Reinventing the Meet and Greet

If you could personally meet every voter, you would win, hands down. But since you can't, you have to make tradeoffs. Person-to-person contact produces the highest response of any campaign activity, by far. That's why going door-to-door is so important. But it's obviously the most time-consuming.

by | Jun 4, 2024

“What is the best way I can spend my campaign dollars – and my time – to reach voters?”

This is the million dollar question for every campaign. If you could personally meet every voter, you would win, hands down (well, hopefully). But since you can’t, you have to make tradeoffs.

Person-to-person contact produces the highest response of any campaign activity, by far. That’s why going door-to-door is so important. But it’s obviously the most time-consuming.

So what’s the next best thing to going door-to-door and meeting people personally? Some research suggests that just being in a neighborhood or city can have a positive and lasting effect. Having a local event creates a sense of proximity for voters that isn’t as good as meeting you personally, but close.

If local events are this valuable, how do you get the most bang for your buck? It starts with a tried and true activity familiar to any campaigner: the traditional meet and greet, or house party. The goal is to leverage the local event as the foundation of all of your other voter contact activities. Far more than just an event, it ties into a hyperlocal advertising strategy across multiple channels.

Imagine having canvassing crews deployed to targeted households while ad buys are targeted to specific ZIP codes and digital ads are customized to specific audiences within tight geographies — all with the goal of communicating that the candidate is nearby.

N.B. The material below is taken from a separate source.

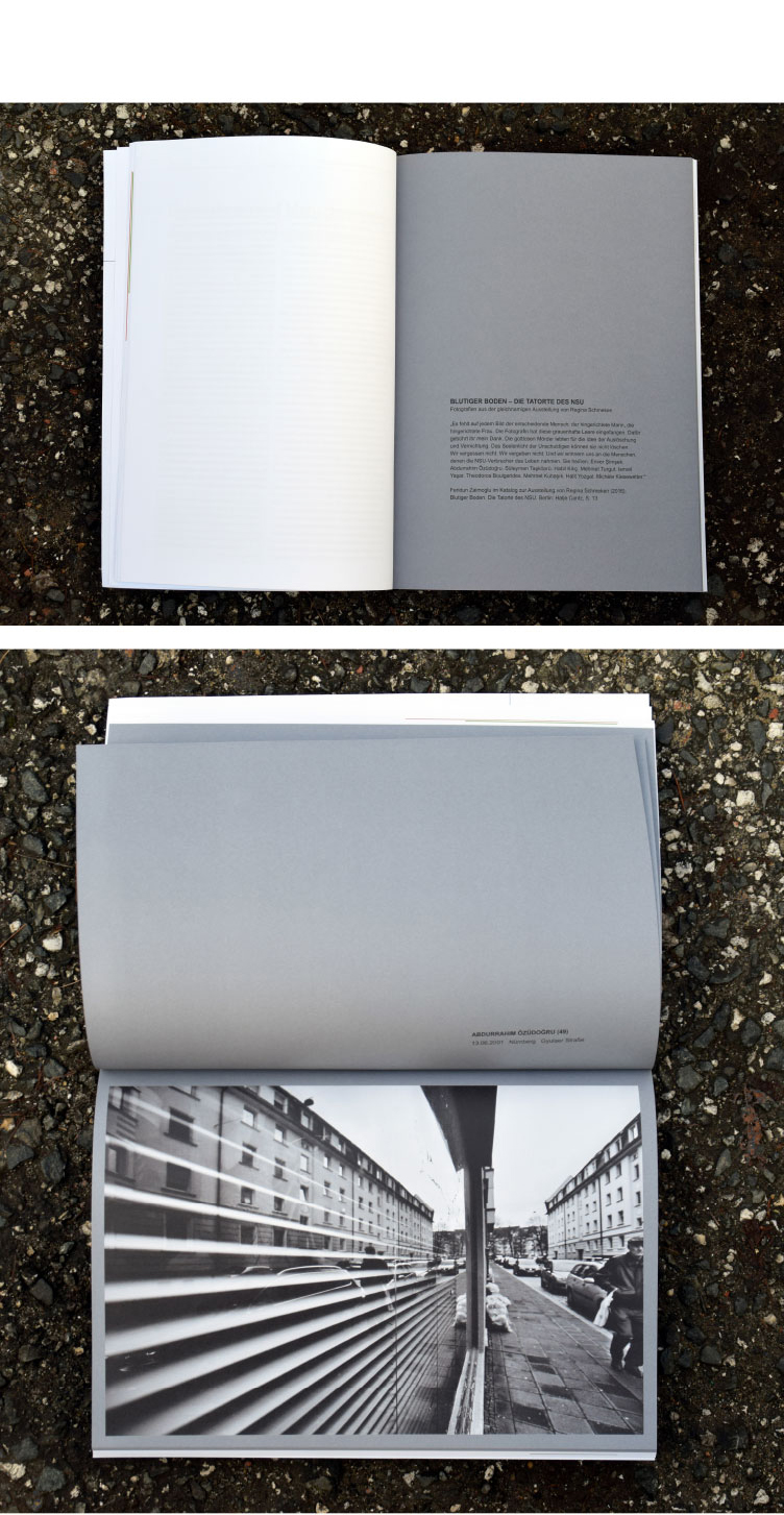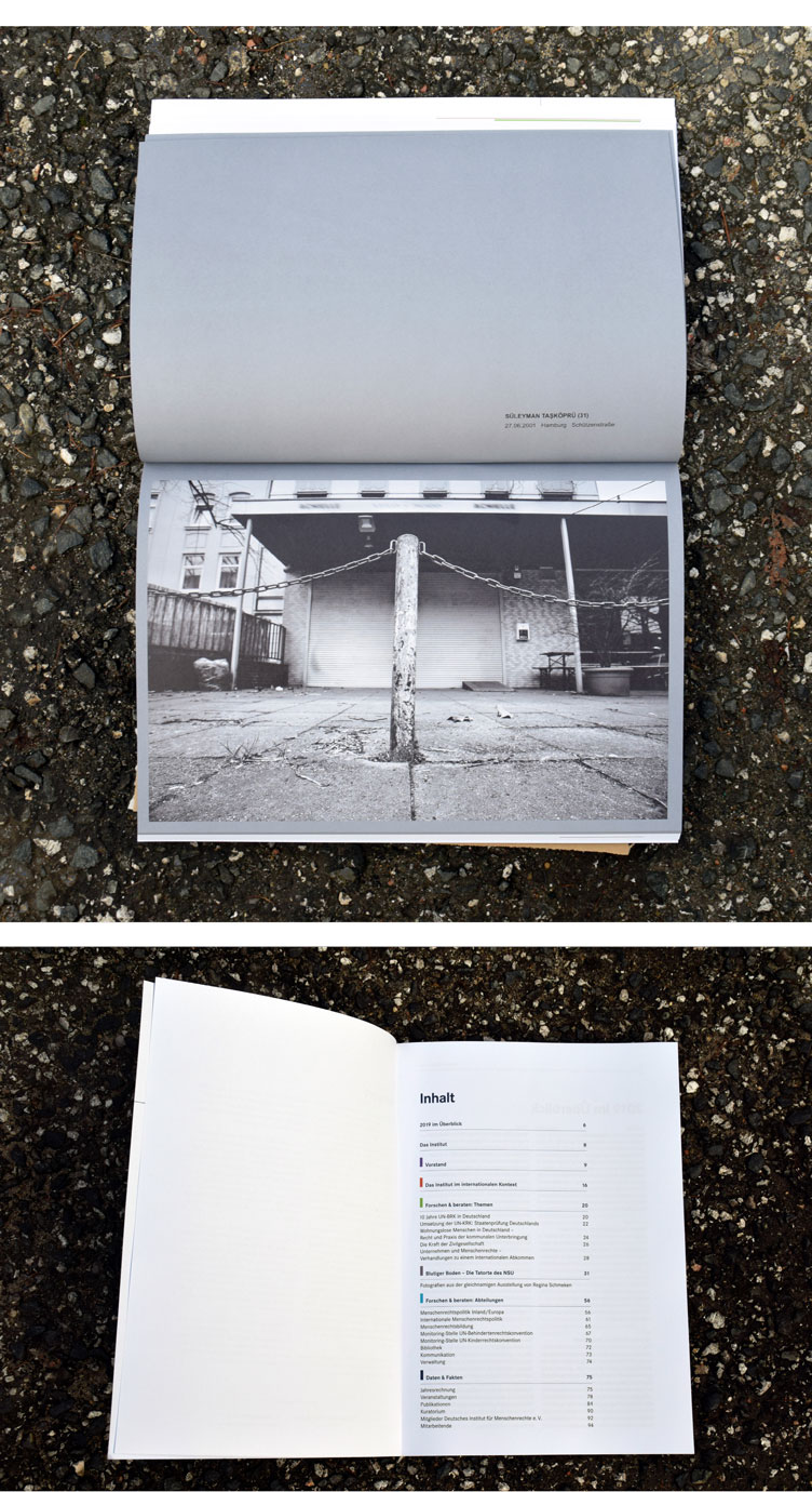 Unsere Gestaltungsarbeit für den Jahresbericht 2019 umfasste eine besondere Aufgabe: In enger Zusammenarbeit mit der Fotografin Regina Schmeken erarbeiteten wir ein gestalterisches Konzept, um die Fotografien aus der Ausstellung „Blutiger Boden – die Tatorte des NSU“ in den Bericht zu integrieren. Regina Schmekens Aufnahmen zeigen die Tatorte – im Großformat, in konzentriertem Schwarz-Weiß, verstörend unauffällig und banal. Diese Bilder brauchen Platz. Daher entschieden wir uns, mit einer Bilderstrecke den Lesefluss zu unterbrechen und die Perspektive zu wechseln – vom Hochformat ins Querformat. Vorsatzseiten sorgen dafür, dass der Blick von Bild zu Bild innehält.

If voters show enough interest to attend the event, then the candidate does get to meet them and pitch them on their candidacy and hopefully a contribution. But the real ask coming out of one meet-and-greet is to get attendees to host their own, thus creating a viral loop that expands the campaign’s direct voter contact and leaves a lasting, personal impression with the community.

As the election gets closer and events get larger, the same process can be deployed to attract attention, register attendees, and “up-sell” additional engagement.

Would love your feedback if anyone has tried something like this!

The New Meet & Greet:

  1. Find families who will host a meet and greet in their home.
  2. Promote the upcoming meet and greet with geotargeted promotions via all available channels. All communications should be localized, even using the hosts’ picture if possible.
    1. Postcards
    2. Facebook
    3. Digital ads
    4. Targeted cable buys (can target cable buys down to the ZIP code level, so this can be very cost-effective)
    5. Door knocking
  3. Accept registrations via Eventbrite to capture data. Cross-promote via Facebook. Email 2-3 reminders prior to the event.
  4. Promote the meet and greet on the day of the event so people in the area know you are there. Make it something spectacular.
    1. Yard signs
    2. Balloons
    3. Bumper stickers
    4. Signs at the entrance to neighborhoods, like realtors use for open houses
  5. At the event:
    1. Make sure everyone who attends shares their email address and preferably phone number. You want to match attendees back to the voter file.
    2. Share your story and why you are running
    3. Ask for a contribution
    4. Ask attendees to host a meet and greet themselves
  6. Post pictures and video clips of the event everywhere:
    1. Facebook
    2. Instagram
    3. Snapchat
    4. Email (emails w/ event photos should strongly encourage people to host a meet and greet)
  7. After the event, have staff follow-up with all attendees.
    1. If they did not donate or signup to host, ask them to host
    2. If they made a contribution, thank them and ask them to host an event
    3. If they offered to host an event, thank them and get a date on the calendar
  8. Repeat for each new host
  9. Recruit new hosts via digital ads, personal network, etc
  10. Once ballots are out, send a postcard to everyone who attended an event, thanking them for coming and asking them to help get out the vote.

Staffing

To make this work, you’ll need a few people dedicated to it:

  1. Event Coordinator
    1. Follows up with prospective hosts
    2. Finds dates for events on the calendar
    3. Creates event on Eventbrite and Facebook, sends reminders
  2. Event photographer
  3. Canvassers
    1. Knock on doors in neighborhoods where there is an upcoming meet and greet
  4. Event advance (preferably 2 people to be able to setup overlapping events)
    1. Gets to event early to help the host setup.
    2. Provides nametags, stickers, signup forms, yard signs, balloons, banner and other event collateral
    3. Makes sure all attendees provide their name, address and email
    4. Breaks down after event
    5. Collects checks and delivers them to the finance director

Using this pattern, a candidate could easily attend 2-4 meet and greets every weekend, plus 2-3 on weeknights. During the fall they could bump it up to 7-9 per week.

If you had an average attendance of 40 people at each event, you could reach 6,000 – 20,000 people directly over the course of the campaign. That may not sound like much for a statewide effort, but it would be significant. Every one of those people would share with their network that they were at the event and that they met you personally.

All of those conversations create a ripple effect that could be the deciding factor come election day.